Tocca al teologo indicare le ragioni che possono aiutare l'uomo e la donna del nostro tempo a riscoprire i valori della verginità ; egli deve individuare il linguaggio più adatto per trasmettere i valori evangelici di cui essa è portatrice, mostrare come in molti casi la verginità sia segno

di libertà interiore,

di rispetto dell'altro,

di attenzione ai valori dello Spirito,

di capacità di spingere lo sguardo oltre i confini del mondo temporale (Mt 22,30),

di vivere radicalmente al servizio del Regno.

 

E mi domando: l'impronta verginale che segna la creazione dell'uomo (Gn 2,4-7.22-23) e la sua ricreazione in Cristo, non ha nessuna ispirazione da offrire ai movimenti ecologici del nostro tempo che deplorano tante forme di violenza inferta alla creazione, il degrado della natura, l'inquinamento dell'ambiente ?

 

Soprattutto il teologo deve mostrare ai nostri contemporanei che l'ideale dell'uomo nuovo, perfetto, si è compiuto in Cristo Gesù: Egli è l'Uomo (Gv 19,5).
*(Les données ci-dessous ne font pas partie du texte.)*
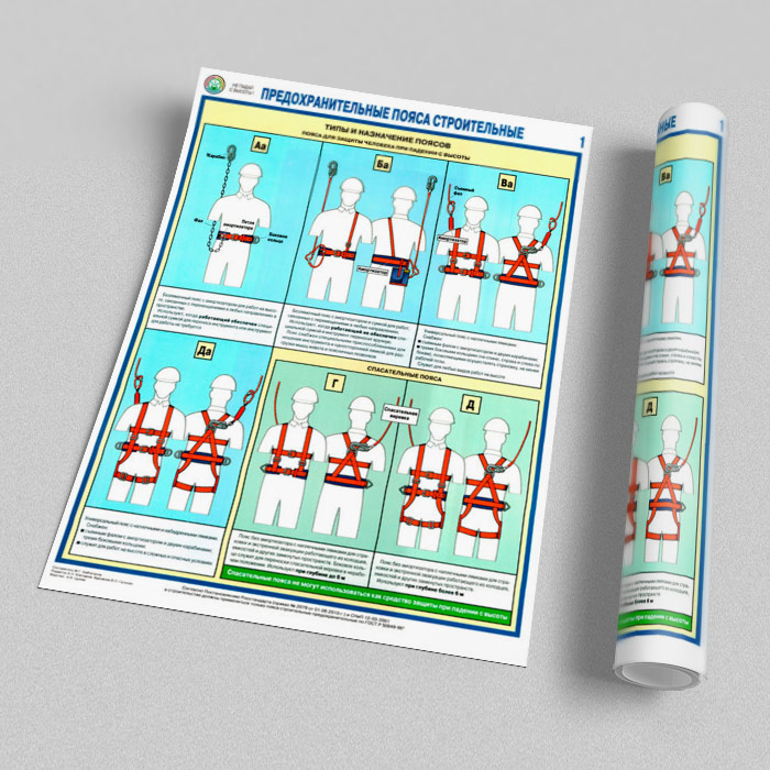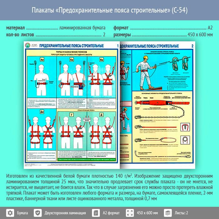 Плакаты «Предохранительные пояса строительные» (С-54, ламинированная бумага, А2, 2 листа) в Пушкино купить

In Lui il progetto antropologico di Dio ha raggiunto la perfezione assoluta. Ora nella radice di Cristo - la sua concezione nel grembo di Maria - e nella sua nascita alla vita definitiva - dal sepolcro inviolato - vi è un "elemento verginale" di grande portata in riferimento al suo essere, alla sua esemplarità per tutti i discepoli.